Todo era de propiedad común, con excepción de las ropas,los muebles, las economías personales, los animales domésticos las parcelas de jardín y las aves de corral destinadas al consumo familiar. Los artesanos, los peluqueros, los zapateros, etc.,estaban a su vez agrupados en colectividades. Las ovejas de la comunidad se dividían en rebaños de varios cientos de cabezas, que eran confiados a pastores y distribuidos metódicamente en las montañas.
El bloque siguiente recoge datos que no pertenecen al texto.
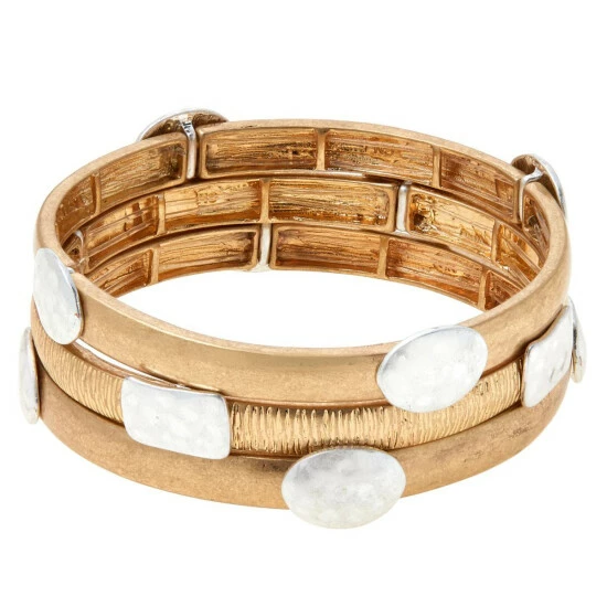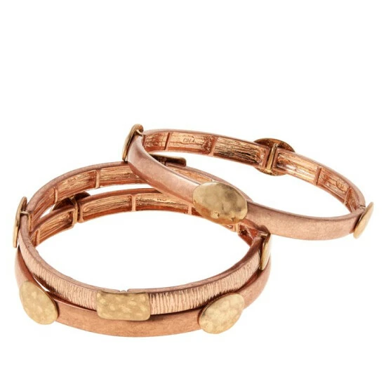 MarlaWynne Two-Tone 3-piece Stretch Bracelet Set
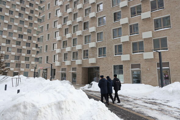 Russian police exterior the Moscow condominium block the place Lt Gen Vladimir Alekseyev was shot (Picture: Getty)
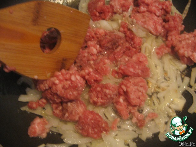 Добавляем фарш. Обжариваем 2 минуты.

En lo que atañe al modo de repartir los productos, se probaron diversos sistemas, unos nacidos del colectivismo, otros del comunismo más o menos integral y otros, aun, de la combinación de ambas. Por lo general, se fijaba la remuneración en función de las necesidades de los miembros del grupo familiar. Cada jefe de familia recibía, a modo de jornal, un bono expresado en pesetas, el cual podía cambiarse por artículos de consumo en las tiendas comunales, instaladas casi siempre en la iglesia o sus dependencias. El saldo no consumido se anotaba en pesetas en el haber de una cuenta de reserva individual, y el interesado podía solicitar una parte limitada de dicho saldo para gastos personales. El alquiler, la electricidad, la atención médica, los productos medicinales, la ayuda a los ancianos, etc., eran gratuitos, lo mismo que la escuela, que a menudo funcionaba en un viejo convento y era obligatoria para los niños menores de catorce años, a quienes no se permitía realizar trabajos manuales.
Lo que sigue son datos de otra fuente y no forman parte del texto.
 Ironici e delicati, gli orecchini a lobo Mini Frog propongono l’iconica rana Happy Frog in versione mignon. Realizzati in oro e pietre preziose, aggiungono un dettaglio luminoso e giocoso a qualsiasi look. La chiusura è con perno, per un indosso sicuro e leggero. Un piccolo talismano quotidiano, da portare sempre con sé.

La adhesión a la colectividad era totalmente voluntaria; así lo exigía la preocupación fundamental de los anarquistas: el respeto por la libertad. No se ejercía presión alguna sobre los pequeños propietarios, quienes, al mantenerse apartados de la comunidad por propia determinación y pretender bastarse a símismos, no podían esperar que ésta les prestara servicios o ayuda. No obstante, les estaba permitido participar, siempre por libre decisión, en los trabajos de la comuna y enviar sus productos a los almacenes comunales. Se los admitía en las asambleas generales y gozaban de ciertos beneficios colectivos. Sólo se les impedía poseer más tierra de la que podían cultivar; y se les imponía una única condición: que su persona o sus bienes no perturbaran en nada el orden socialista. Aquí y allá, se reunieron las tierras socializadas en grandes predios mediante el intercambio voluntario de parcelas con campesinos que no integraban la comunidad. En la mayor parte de las aldeas socializadas, fue disminuyendo paulatinamente el número de campesinos o comerciantes no adheridos a la colectividad. Al sentirse aislados, preferían unirse a ella.
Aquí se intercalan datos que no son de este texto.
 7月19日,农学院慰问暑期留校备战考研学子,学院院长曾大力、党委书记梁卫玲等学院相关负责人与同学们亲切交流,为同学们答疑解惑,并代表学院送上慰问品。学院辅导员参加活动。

Con todo, parece que las unidades que aplicaban el principio colectivista de la remuneración por día de trabajo resistieron mejor que aquellas, menos numerosas, en las cuales se quiso aplicar antes de tiempo el comunismo integral desdeñando el egoísmo todavía arraigado en la naturaleza humana, sobre todo en las mujeres. En ciertos pueblos, donde se había suprimido la moneda de intercambio y se consumía la producción propia, es decir, donde existía una economía cerrada, se hicieron sentir los inconvenientes de tal autarquía paralizante; además, el individualismo no tardó en volver a tomar la delantera y provocó la desmembración de la comunidad al retirarse ciertos pequeños propietarios que habían entrado en ella sin estar maduros, sin una verdadera mentalidad comunista.